Public Prosecutor Dr. Hoffmann from the Central Office of the State Judicial Administrations to Investigate National Socialist Crimes in Ludwigsburg is an extremely resolute representative of the federal republican state power when it comes to tracking down Nazi criminals. Ever since he read a book by the Yugoslav author Bora Petrovic, which has just been translated into German and wrote about twenty years ago, an older, cultivated gentleman has come under Hoffmann's sights: a doctor named Dr. Berger. This man is said to have carried out criminal experiments on inmates as a camp doctor in a concentration camp. One of these prisoners was the Polish Jew Lea Weiss. Berger is said to have sterilized her while she was in camp , and the woman is said to have been forced to work in a camp's own brothel and to render sexual services to the camp commandant and himself.

The years of the economic boom have Dr. Berger enabled a post-war career that was not atypical for the Federal Republic; today he is the scientific director of a large pharmaceutical factory, a respected citizen. The key to Berger's conviction lies in the testimony of Lea Weiss, who, once married to a French named Clement, is now widowed. But after an initial willingness to testify, Lea Clement-Weiss is now largely silent on the events of that time; The pain is too deep, the shame is too great, the pressure from the lawyer von Walden is too great. When she speaks about what happened in the past, she uses the terminology that Dr. Berger used his interrogation by Hoffmann: both consider the accusations made by the public prosecutor to be “exaggerated” and speak of “mystification” regarding the events in the camp. Hoffmann travels to Belgrade to get to the bottom of Leaa's behavior . He goes to see Petrovic, who as a young journalist wrote down Leaa's statements as soon as the war ended. The name Dr. Berger appeared frequently in Petrovic's book. If Lea continues to be silent, Hoffmann sees here his last chance to finally convict the unscrupulous doctor. Hoffmann asks Petrovic how credible he thinks Lea Weiss' remarks from then. Lea now denied everything that Petrovic had published in his book based on her statements.
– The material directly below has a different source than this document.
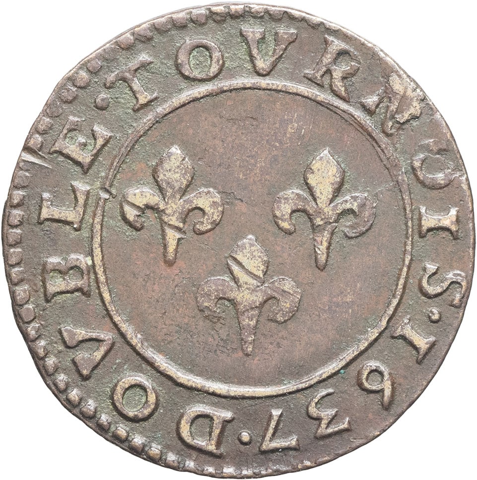 Rv. (à 6 h) DOVBLE. TOVRNOIS. (date). Trois trèfles simulant des lis.

Petrovic insists on the correctness of the statements, cannot make sense of Lea's silence or denial of the statements made to him. At Hoffmann's request, Petrovic accompanies him to Germany to change Lea's mind. When both men watch an interview with the concentration camp doctor, who has so far only appeared as a phantom, in which Berger blows off with jovial complacency and downplays everything, justifies himself and ultimately presents himself with his experiments as a benefactor of humanity, both react in a mixture out of disgust and bewilderment. Soon all sides start tugging at the severely traumatized woman: Public Prosecutor Hoffmann, who absolutely needs Lea's testimony to get Dr. Bringing Berger to justice, and von Walden's lawyer, sometimes gruff, sometimes velvety, but always tough and callous. Threatening phone calls intended to intimidate the fragile witness from Hell only increase the pressure on Lea. Hoffmann's intransigence in persecuting the perpetrators, which from time to time shows less and less consideration for the overall constitution of his witness, ultimately triggers an emotional catastrophe in Lea Weiss one day, which ends in suicide.

But first she wants to clean up her past and finally get rid of the fear and the trauma. And so she begins to talk. In the presence of Bora, who was increasingly uncomfortably touched during the interrogation, she gives Hoffmann information about all the details, says about Berger's sterilization experiments: "He boasted to me that this method of sterilization was his invention." Then she lets it be known that she was forced to, to survive, Dr. Berger's lover became - no: had to be. To Hoffmann and Petrovic's horror, the boundaries between good and bad, between perpetrator and victim, blur for a moment. Lea says: “I know you would have preferred your witness to be an innocent, pure victim. An angel who accuses. Regret. The little angel went through hell and scorched his snow-white wings a little. ”First of all, Leah bursts out:“ You wanted the truth? Then you will hear the truth to the end. When Berger had had enough of me, he gave me to a colleague who was also experimenting. He made hypothermic attempts. You know how it happened? ”Flashbacks show Lea Weiss in the hospital camp, a snapshot of real suffering in the concentration camp hell.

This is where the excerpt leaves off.